On 8/24/14, 5:49 AM, "Marc Schütz" <schue...@gmx.net>" wrote:
On Sunday, 24 August 2014 at 12:24:03 UTC, Andrei Alexandrescu wrote:
To that end I'm working on RCString, an industrial-strength string
type that's much like string, just reference counted and with
configurable allocation. It's safe, too - user code cannot casually
extract references to string internals. By default allocation would
use GC's primitives; one thing I learned to appreciate about our GC is
its ability to free memory explicitly, which means RCString will free
memory deterministically most of the time, yet if you leak some (e.g.

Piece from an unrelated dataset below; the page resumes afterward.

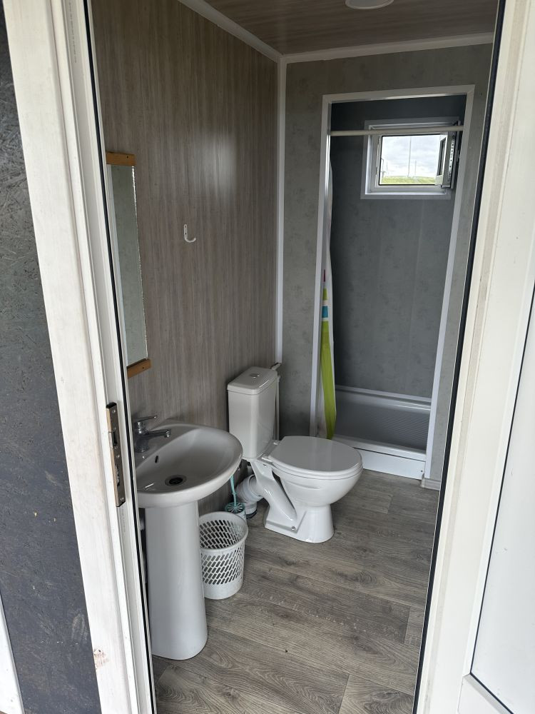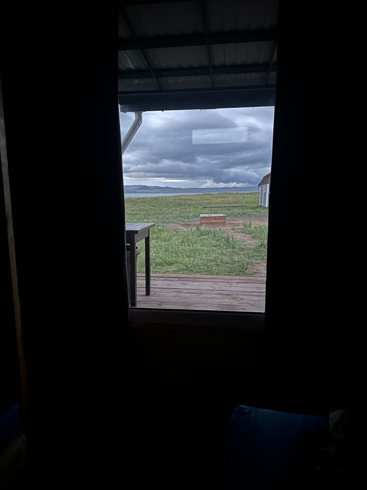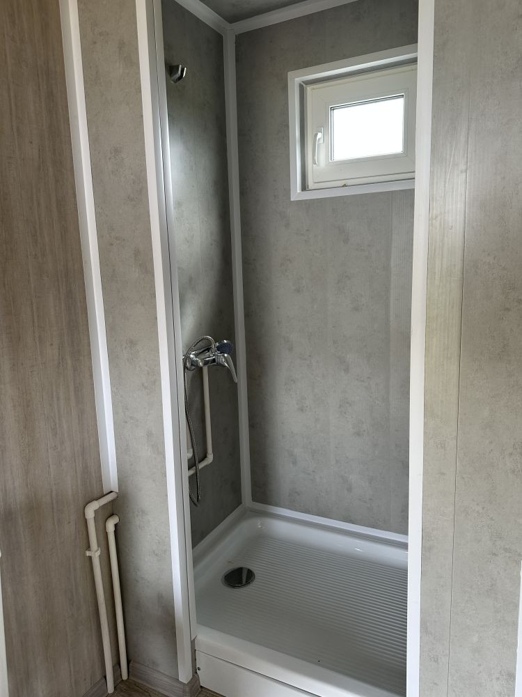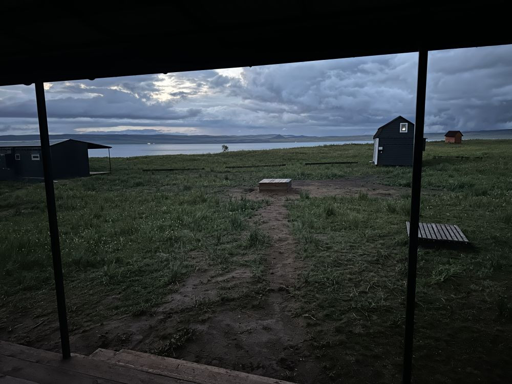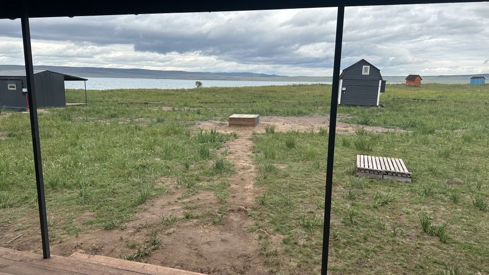 В домике - электричество, холодильник, чайник, собственный туалет и горячий душ. Перед домиком смонтирована деревянная площадка и навес. Рядом установлен мангал.

by having RCString class members) the GC will pick up the litter. I
think reference counting backed up by a GC that lifts litter and
cycles and is a modern, emergent pattern that D could use to great
effect.
Any reason why this is restricted to strings? I.e., is there something
special about strings (apart from auto-decoding) that doesn't apply to
arrays in general? If not, wouldn't an RCArray be a better idea?
Thanks for asking. Strings are not special, but are a good place to
start because (a) they are ubiquitous so good bang for the buck, (b)
they don't have indirections to worry about, (c) they have a readily
available built-in to compare against. Also RCString is different from
e.g. std.container.Array in that the former has slice semantics whereas
the latter has pure reference semantics.